Jimswitched off the talk as the broadcaster began speculating on the effect the new game would have on American society. Still, it was encouraging to knowthat even before a single Brolly-golly kit had been manufactured the new game had become a talking point. Soon, however, another bout of intense peristalstic activity commanded his total attention.

At twelve-forty Sigmund was asking abrasively on the telephone if Jim had signed the contract. He explained his predicament.

'Well, that's most unfortunate, Mr. Alexander. There are thirty-five assembly lines waiting to start rolling. It's time to start talking about penalty clauses.'

'Mr. Sigmund,' Jim replied weakly. 'I'm tied by invisible strings to the lavatory seat at the moment- a devastating attack of diarrhoea. But if you'd like to send a messenger around, I'll sign.'

It seemed straightforward enough. His company would receive nine-per-cent royalties at the prevailing dollar-sterling rate of exchange as long as the original international patents remained unchallenged. The system of auditing total receipts accruing to American Games Corporation from sales of Brolly-golly was somewhat complicated, but included an arrangement for arbitration agreement in the event of dispute over the figures. He signed, returned three copies to the messenger and filed three in his brief-case to take back to London.

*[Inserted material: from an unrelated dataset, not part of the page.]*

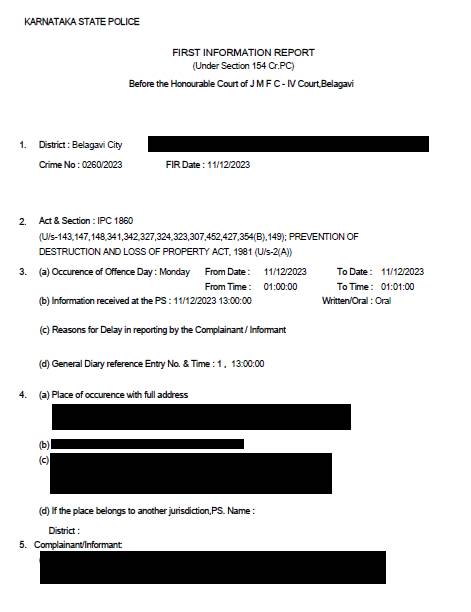 ಈ ಪ್ರಕರಣಕ್ಕೆ ಸಂಬಂಧಿಸಿದಂತ ನಾವು ಪೊಲೀಸ್ ಎಫ್ ಐಆರ್ ವರದಿಯನ್ನು ನೋಡಿದ್ದೇವೆ. ಇದರ ಪ್ರಕಾರ ಡಿಸೆಂಬರ್ 11ರಂದು ಪೊಲೀಸರು ಎಫ್ಐಆರ್ ದಾಖಲಿಸಿದ್ದಾರೆ. 12 ಮಂದಿಯನ್ನು ಆರೋಪಿಗಳನ್ನಾಗಿ ಹೆಸರಿಸಲಾಗಿದೆ. ಈ ಎಫ್ಐಆರ್ ವರದಿ ಇಲ್ಲಿದೆ.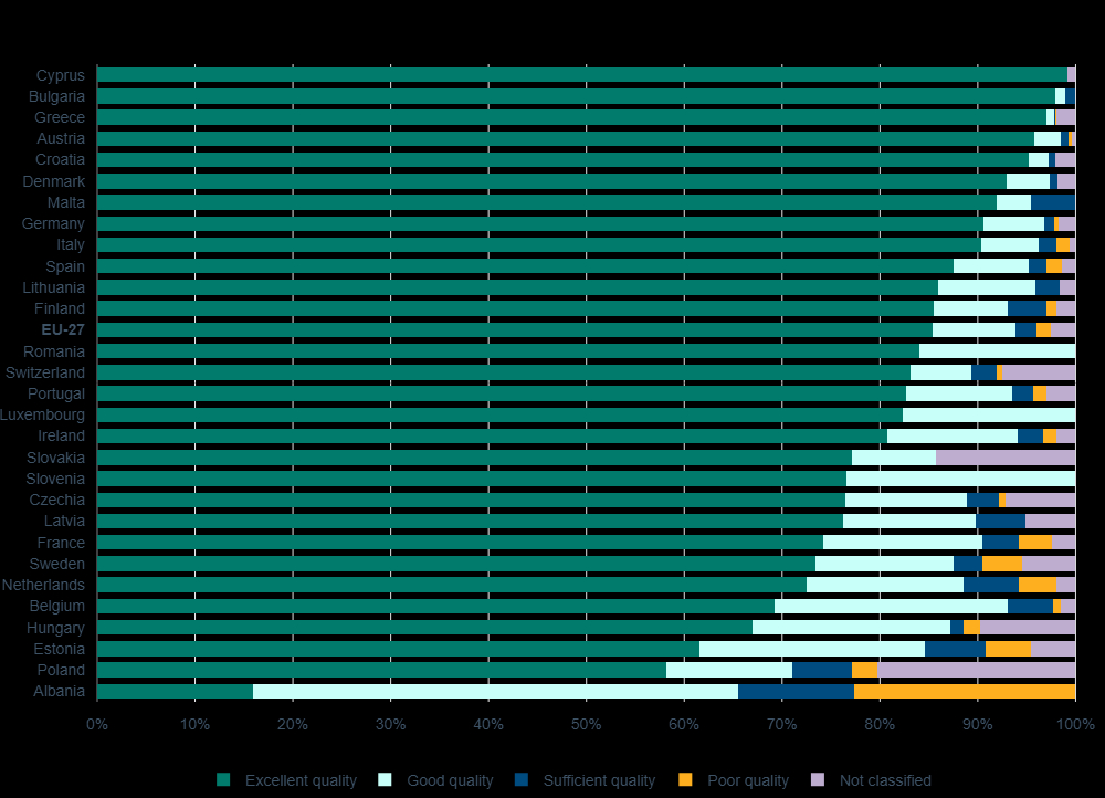 Στη χώρα μας ως εξαιρετικό χαρακτηρίστηκε το 97% των περιπτώσεων σε 1.685 σημεία και σε 10.423 δείγματα που εξετάστηκαν. Δηλαδή, 1677 σημεία. Καλή ήταν σε 15 σημεία, επαρκές σε 1 και φτωχό σε 1. Δεν κατηγοριοποιήθηκαν 35 σημεία.

The medicine seemed to be easing his condition, but he obeyed the doctor's instructions and remained in his bedroom reading a selection of newspapers.

Le Bun-glof, he noted, had been banned during working hours in the yards of the Renault factory in France. This had resulted in a mass walk out. A set-piece battle had taken place in Tokyo between rioters armed with Bun-glof umbrellas and police equipped with batons. The game had been banned in Northern Ireland after a handgrenade had been lobbed into an army post in Crosmaglen by someone using a Bun-glof umbrella. South Africa had banned the game in some areas where Whites had been seen playing with Blacks- it had not yet been officially promulgated as an official sport.

It was a pity, Jim thought, that his game had caused such problems- nevertheless, he was gratified by the publicity it was receiving.

By four o'clock he was feeling much better. He telephoned Ingrid, she suggested a quiet evening in her apartment.